**Given information:**
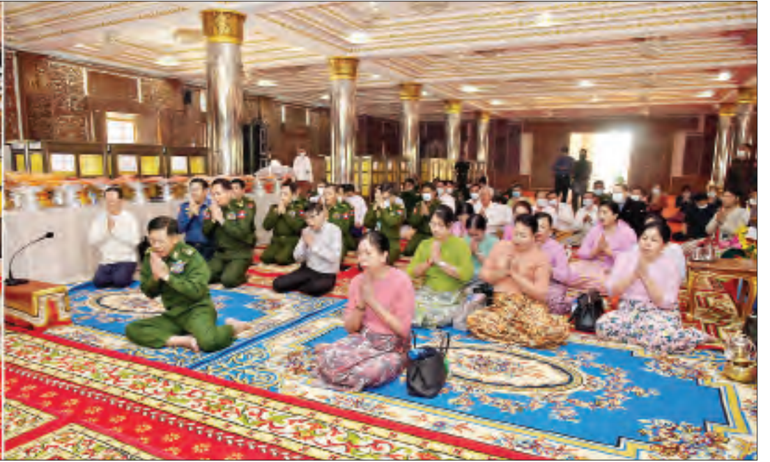
နိုင်ငံတော်စီမံအုပ်ချုပ်ရေးကောင်စီဥက္ကဋ္ဌ၊ တပ်မတော်ကာကွယ်ရေးဦးစီးချုပ် ဗိုလ်ချုပ်မှူးကြီးမင်းအောင်လှိုင်နှင့် ဇနီး ဒေါ်ကြူကြူလှနှင့် ဧည့်ပရိသတ်တို့က ရှမ်းပြည်နယ်(အရှေ့ပိုင်း) တာချီလိတ်မြို့ နဂါးနှစ်ကောင်ကျောင်းတိုက် ပဓာနနာယက နိုင်ငံတော်ဩဝါဒါစရိယ အဘိဓမ္မ အဂ္ဂမဟာသဒ္ဓမ္မဇောတိက အဂ္ဂမဟာပဏ္ဍိတ ဒေါက်တာ ဘဒ္ဒန္တ ဓမ္မသီရိထံမှ ငါးပါးသီလ ခံယူဆောင်တည်ကြစဉ်။
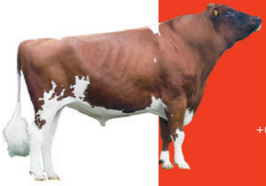
Andy Red 781489

Beenwerk 107 / Totaal Exterieur 106 +0,32% Vet / +0,06% Eiwit 918 Kg Melk / Geboortegemak 104
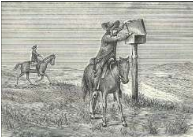
Brievenbus in de woestijn van Utah.
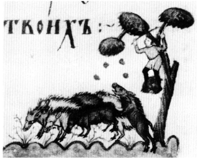
Abb. 5. London, British Library, cod. Add. 39.627, fol. 185r (Detail).

ren Ivan Alexander kopiert den Pariser-Codex oder lehnt sich an denselben Prototyp an, während die Malereien des georgischen Manuskripts auf das griechische Evangeliar zurückgehen 28 . Es ist darüber hinaus höchst wahrscheinlich, dass die Miniaturen im Kiew-Psalter auf einem Prototyp basieren, der ebenfalls im 11. Jh. im Studios-Kloster illuminiert worden sein muss 29 .
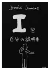
I型自分の説明書 Jamais Jamais (著) 文芸社

俺はどうなってしまった？ 一体何が起きている？ 首相暗殺の濡れ衣を着せられた男は、国家的陰謀から逃げ切れるのか。精密に絡み合う伏線、構築度の高い物語世界。映画化で話題の作品。
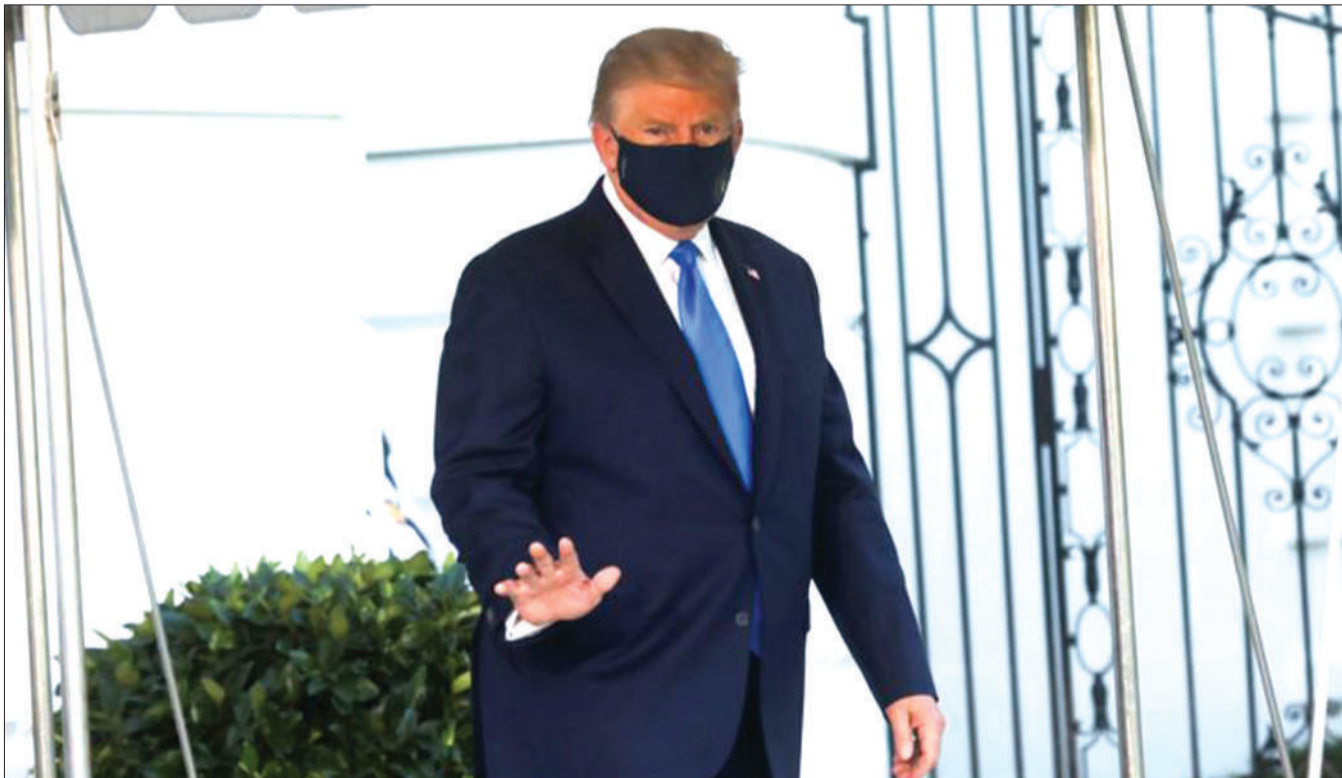
Rais Donald Trump akinyoosha mkono kuonyesha ishara ya kuwa sawa kwa wanahabari (hawapo pichani) wakati anaelekea kuingia kwenye helikopta iliyompeleka hospitali.
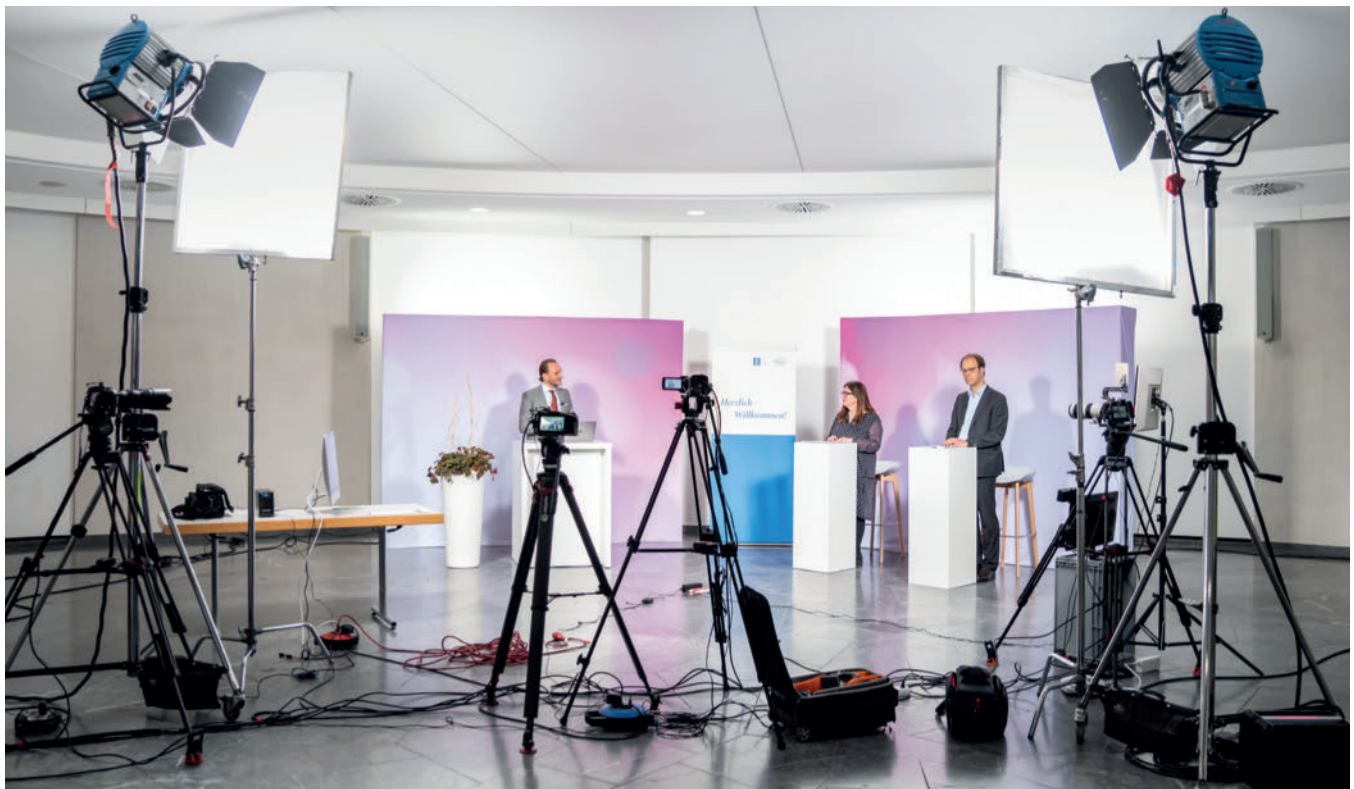
Oben links ist die „Nutzeroberfläche“ der GTH Highlights zu sehen. Die weiteren Bilder zeigen einen Blick „hinter die Kulissen“.

**What this task involves:**
"I型自分の説明書 Jamais Jamais (著) 文芸社" marks the first line to copy, and "Rais Donald Trump" marks the last. Repeat that stretch above exactly, with no pictures.

**Response to the task:**
I型自分の説明書 Jamais Jamais (著) 文芸社

俺はどうなってしまった？ 一体何が起きている？ 首相暗殺の濡れ衣を着せられた男は、国家的陰謀から逃げ切れるのか。精密に絡み合う伏線、構築度の高い物語世界。映画化で話題の作品。
Rais Donald Trump akinyoosha mkono kuonyesha ishara ya kuwa sawa kwa wanahabari (hawapo pichani) wakati anaelekea kuingia kwenye helikopta iliyompeleka hospitali.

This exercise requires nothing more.